TO DO —
Throughout the listing below, show every line in which "Garlick" occurs.

MATERIAL PROVIDED —
◆ ◆ ◆ ◆ ◆ ◆ ◆

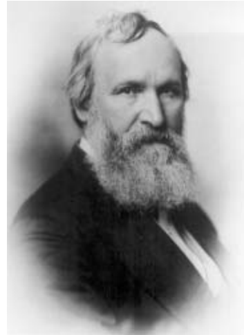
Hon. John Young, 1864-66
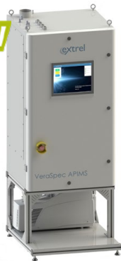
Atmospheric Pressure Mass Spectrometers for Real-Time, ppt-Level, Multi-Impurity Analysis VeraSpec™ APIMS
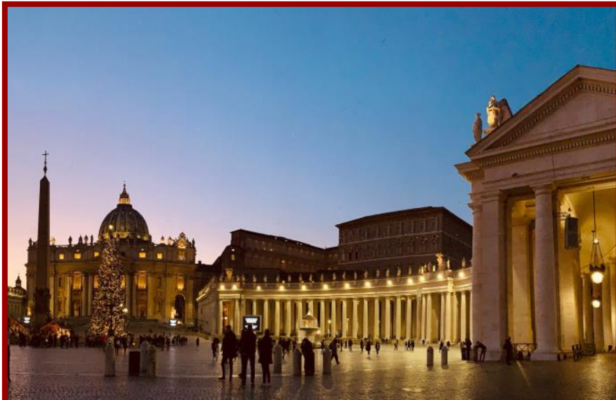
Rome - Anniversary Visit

◆ ◆ ◆ ◆ ◆ ◆ ◆

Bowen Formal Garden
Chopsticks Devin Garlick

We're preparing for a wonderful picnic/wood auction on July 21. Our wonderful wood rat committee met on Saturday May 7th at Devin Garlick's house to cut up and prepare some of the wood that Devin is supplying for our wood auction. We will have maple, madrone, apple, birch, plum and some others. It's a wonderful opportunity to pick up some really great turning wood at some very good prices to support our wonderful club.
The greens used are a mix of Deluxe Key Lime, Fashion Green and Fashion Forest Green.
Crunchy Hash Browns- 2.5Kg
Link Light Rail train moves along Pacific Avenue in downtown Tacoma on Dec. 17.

◆ ◆ ◆ ◆ ◆ ◆ ◆

WRITTEN SOLUTION —
Chopsticks Devin Garlick
We're preparing for a wonderful picnic/wood auction on July 21. Our wonderful wood rat committee met on Saturday May 7th at Devin Garlick's house to cut up and prepare some of the wood that Devin is supplying for our wood auction. We will have maple, madrone, apple, birch, plum and some others. It's a wonderful opportunity to pick up some really great turning wood at some very good prices to support our wonderful club.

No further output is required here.